Berikut adalah rangkuman komprehensif dan terstruktur dari konten video berdasarkan transkrip yang diberikan:
Internalisasi Core Values ASN Berakhlak: Membangun SDM Unggul di Era Disrupsi
Inti Sari (Executive Summary)
Video ini merupakan dokumentasi webinar seri "ASN Belajar" ke-12 yang diselenggarakan oleh BPSDM Provinsi Jawa Timur. Topik utamanya berfokus pada Internalisasi Core Values ASN Berakhlak sebagai pondasi untuk membentuk Aparatur Sipil Negara yang kompeten, adaptif, dan berintegritas di tengah tantangan era disrupsi (VUCA) dan revolusi industri.

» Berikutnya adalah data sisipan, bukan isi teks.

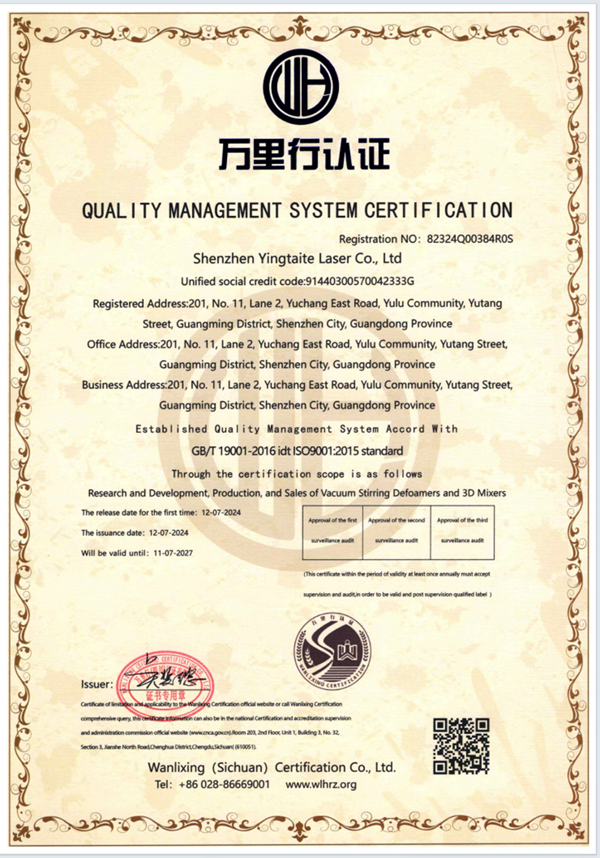 深圳市英泰特激光有限公司是一家有雄厚研發實力的公司,公司是中國領先的行星式攪拌、脫泡機生產廠家。我們圍繞客戶的需求持續創新與研發,在LED光電、銀漿、納米粉體材料、陶瓷粉末、高粘度涂料等高、尖、精領域材料的混合攪拌的解決方案。致力于為材料事業提供最佳的攪拌、脫泡方案。 產品攪拌均勻度、氣泡脫凈度、噪音控制為業界領先水平。同時我們設備優良的工程設計與制造技術,保證了設備的耐久性使用壽命。

Narasumber, termasuk perwakilan dari ESQ dan Gubernur Jawa Timur, menekankan pentingnya peningkatan kapasitas diri, transformasi budaya kerja, dan pergeseran motivasi kerja menuju "Bangga Melayani Bangsa".
Poin-Poin Kunci (Key Takeaways)
- Tantangan Era VUCA: ASN dituntut untuk meningkatkan kapasitas diri (analogi "mobil balap" vs "mobil kota") agar tidak kewalahan menghadapi perubahan teknologi dan kebijakan yang cepat.
- Core Values Berakhlak: Nilai dasar ASN terdiri dari Berorientasi Pelayanan, Akuntabel, Kompeten, Harmonis, Loyal, Adaptif, dan Kolaboratif.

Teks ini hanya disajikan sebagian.